Parkland is a compelling exploration of how everyday people and professionals come together to deal with a crisis, in this case the real assassination of President Kennedy in 1963. The Parkland hospital is the central location, as ER doctors (Zac Efron and Colin Hanks) try to save JFK’s life, while nearby Abraham Zapruder (Paul Giamatti) works with the Secret Service to develop his film and Lee Harvey Oswald is arrested, and shot.

There are a lot of interesting scenes of the nuts and bolts we don’t really hear about when people start talking JFK conspiracies. Developing film in 1963 was not a reliable process, let alone in a rush. Getting the coffin onto Air Force One was a hassle. The Texas Medical examiner fought over his jurisdiction. The decisions made in the ensuing days are really interesting and create some scenes of compelling drama.

There are a number of scenes that feel too much like actors telling each other how important these moments are. Forrest Sorrells (Billy Bob Thornton) yells “You blew it!” to an underling. An agent is given the Oswald file to handle, because, sigh, there’s a cover-up. The score also tells you when to feel somber in mourning.

A major highlight is the story of the Oswald family. His mother Marguerite (Jacki Weaver) seems crazier than he was, but more fascinating is that his brother, Robert Oswald is totally convinced of Lee Harvey’s guilt. That’s a character witness if I’ve ever seen one.

The “documentary” handheld style goes really overboard with the shaking and the focus pulling in the middle of a take, but it is effective when we only get fleeting glimpses of Jackie O, LBJ and JFK himself on the operating table. I feel like I’m really glad I saw Parkland and I am more informed about our history, while being engaged by it dramatically. I had some stylistic issues and some nitpicks but it shakes out favorably.

Under the Skin 

I guess I’ll just come right out and say it. Scarlett Johansson is naked in Under the Skin. It’s not free though. You really have to work for it, because this is art, man, it’s art. Under the Skin is a hardcore art film, which is its own kind of thrill to see in the atmosphere of the Toronto International Film Festival, but it doesn’t make any sense to me and it’s not interesting enough to try to figure out.

Laura (Johansson) is an alien visiting earth, but God bless the plot synopsis for saying so because I don’t think the opening shots of an eye forming with voiceover words really tell you that. I guess she’s practicing for speaking human? The film is artfully made by Jonathan Glazer, with a shadowy ScarJo against an all white screen, or more often ScarJo and various men as the figures of light against a black background.
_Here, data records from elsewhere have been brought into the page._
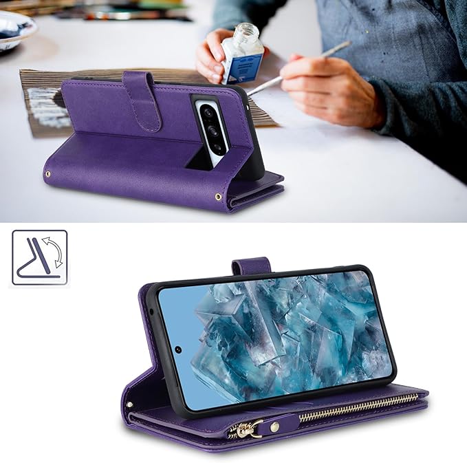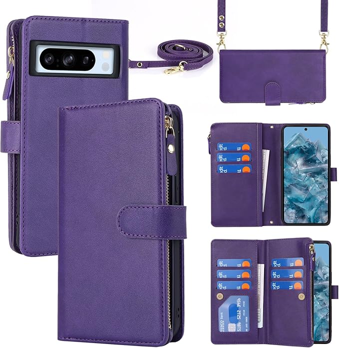 Pelanty for Pixel 8 Pro 縄掛けケース手帳型 携帯カバー 肩掛け斜めがけ ショルダー 合成皮革+TPU マグネット Google pixel8 pro 財布型カバー ICカード お札入れ小銭入れ大容量 収納ポケット スタンド機能 グーグル ピクセル8pro 6.7インチ ストラップ付き 落下防止 耐衝撃 全面保護(肩縄付き-パープル)
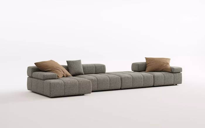 The Cobble Sofa is a design that brings the charm of historic European cobblestone streets right into your home. Its design, much like those age-old streets, boasts irregular yet captivating patterns that evoke a sense of timeless beauty and wanderlust. Its modular structure reflects a series of elements that can be customized to fit your unique living space. Whether you need a cozy corner for intimate conversations or a spacious seating arrangement for entertaining guests, the Cobble Sofa adapts to your needs with ease. Its flexibility ensures that it remains as practical as it is stylish, making it an ideal choice for modern homes where versatility is key. Whether dressed in a simple, classic fabric that whispers elegance or adorned with a vibrant, textured fabric that exudes personality, each variation of the Cobble Sofa tells a distinct tale of comfort and sophistication.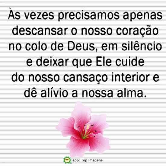 Às vezes precisamos apenas descansar o nosso coração no colo de Deus, em silêncio e deixar que Ele cuide do nosso cansaço interior e dê alívio a nossa alma.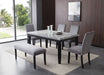 A shimmering marble top is the centerpiece of this elegant and functional dining set. Paired with ultra-comfortable velvet chairs and a bench, the Napoli dresses up a dining room without making it stuffy. Black finished solid wood legs complement the gray marble top in a neutral set that fits any environment while still commanding attention.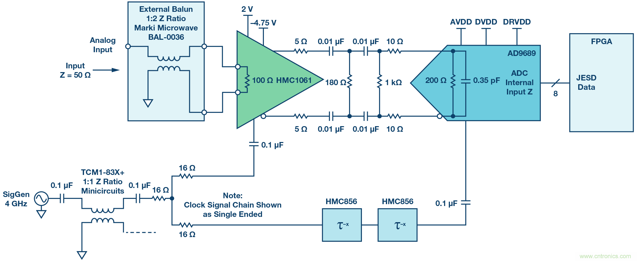 圖5. THA和ADC前端網(wǎng)絡及信號鏈。

Under the Skin is about watching stillness, watching behavior and it’s interesting because it’s at a festival and because it’s a big star experimenting. That face is captivating. There is one scene with a man in her van that is confrontational and kind of wonderful. Then there’s a scene of a guy washing dishes. Really?

Some people gave up but the walkouts were not too dramatic. It wasn’t an I Melt With You situation. I could handle staying, but I’m not inclined to interpret this. I’ll just watch. I’m too wiped out to bother.